Bewerb gestoppt

AEC-Museum muss über Hochwassermarke stehen

Nach einem Fehlstart müssen das rote Rathaus-Team und die schwarz-grüne Landhaus-Mannschaft zurückrudern: Die Stadt Linz muss den laufenden internationalen Architektenwettbewerb zur AEC-Museums-Erweiterung stoppen, da das Land Oberösterreich dieses 27-Millionen-Projekt verbieten will, das es mit acht Millionen Steuereuro unterstützen wollte.

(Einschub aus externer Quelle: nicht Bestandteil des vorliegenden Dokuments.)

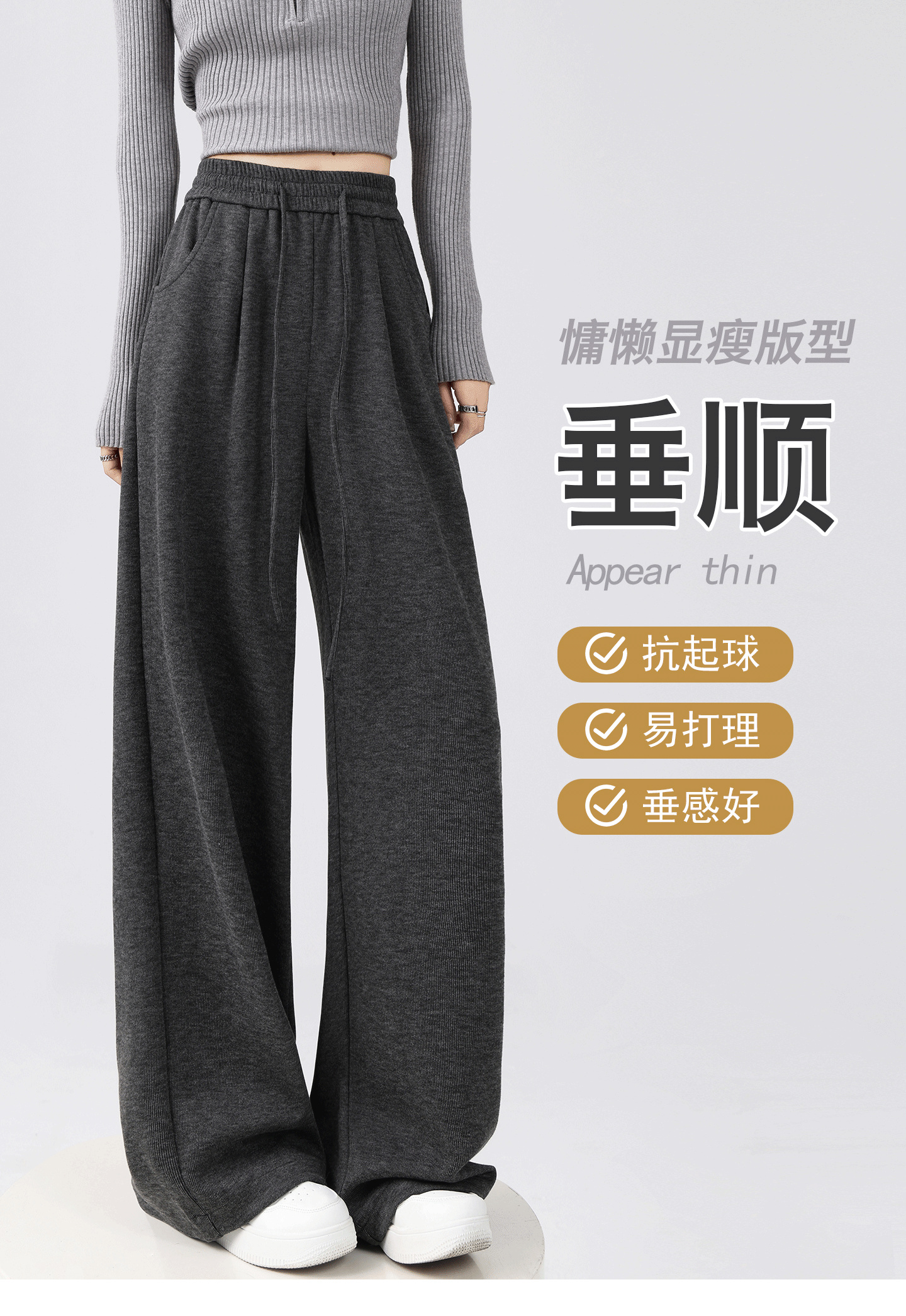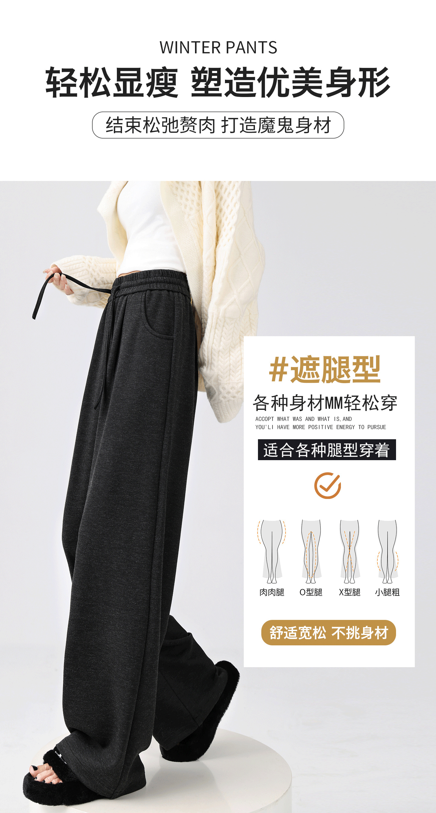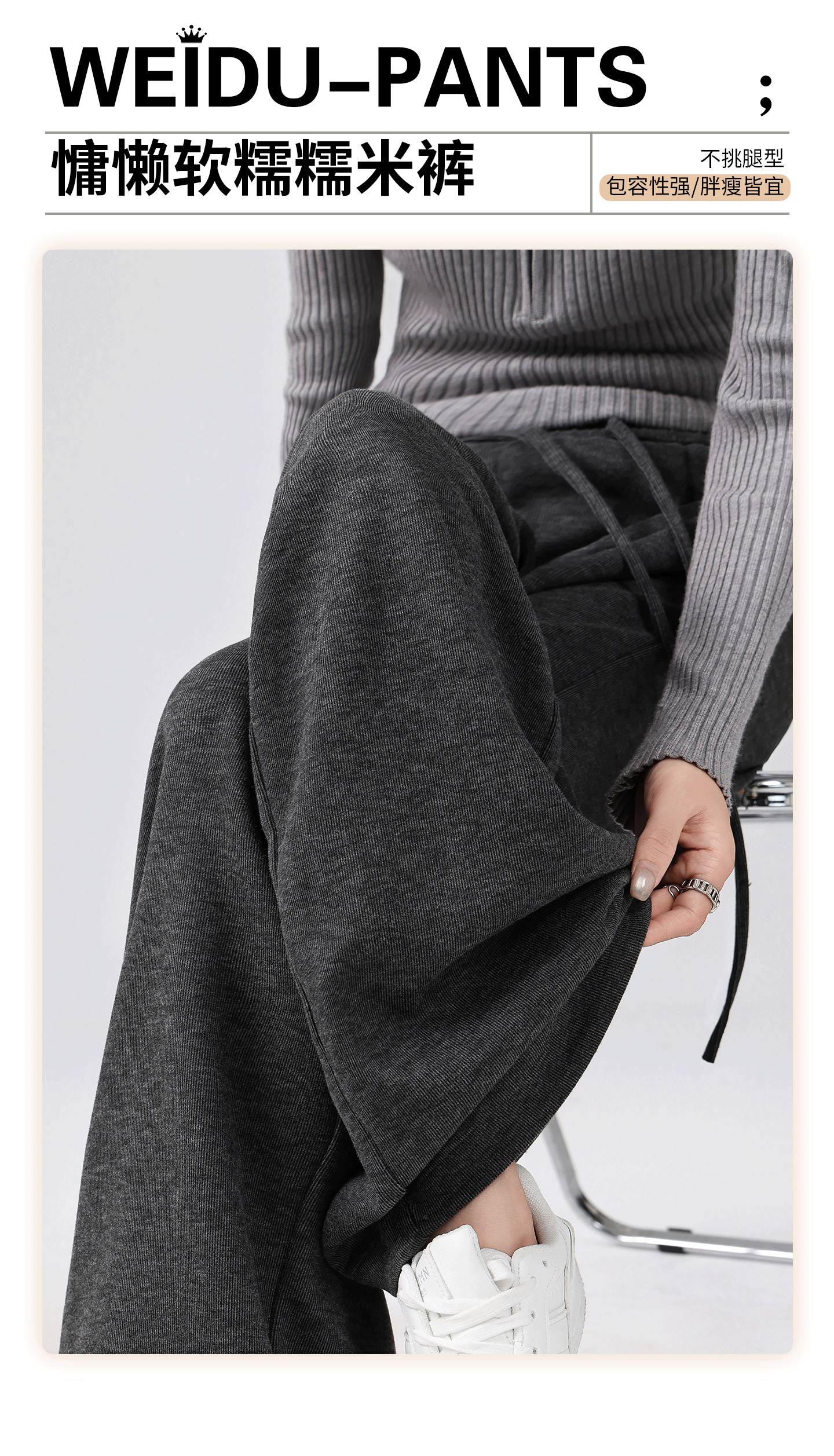 【轻梵 慵懒风加绒糯米裤 】美拉德阔腿裤 加绒保暖 质感亲肤 时尚减龄简约百搭 MWX

„Die Stadt hätte bei der Ausschreibung des Ideenwettbewerbs auf die geltende Bauordnung Rücksicht nehmen müssen“, glaubt der grüne Klubobmann Gunther Trübswasser, dass auch nach altem Recht ein Zubau in Ufernähe zu verbieten sei: „Nach dem Hochwasser 2002 waren sich alle Parteien einig, dass es keine Ausnahmen mehr geben darf.“

Von einer kalten Enteignung in ganzen Altstadtvierteln von Urfahr und Steyr könne aber keine Rede sein: „Der Städtebund wird noch zu unserem Gesetzesentwurf gehört werden“, beruhigt der Grüne die Roten: „Man kann mich beim Wort nehmen - es wird keine unsinnigen Schikanen geben, sondern nur sinnvolle Bestimmungen.“

„Das AEC wird halt hoch über der sensiblen Problemzone geplant und gebaut werden müssen, aber darauf hätte die Stadt die Architekten hinweisen müssen“, sieht auch Landes-Baureferent Franz Hiesl (VP) noch nicht ganz schwarz: Man könnte eine wasserdichte Wanne wie beim Lentos oder eine geflutete Tiefgarage wie im Neuen Rathaus vorschreiben und genehmigen. „Aber grundsätzlich sind sich alle vier Landtagsparteien einig, dass wir nach dem verheerenden Hochwasser 2002 schärfer werden müssen“, sagt der Landes-Vize: „Wir können es uns nicht leisten, alle paar Jahre Unsummen für Absiedlungen und Entschädigungen zu zahlen.“ Am Donnerstag werde erstmals der Bauausschuss des Landtags über die Baurechtsnovelle diskutieren.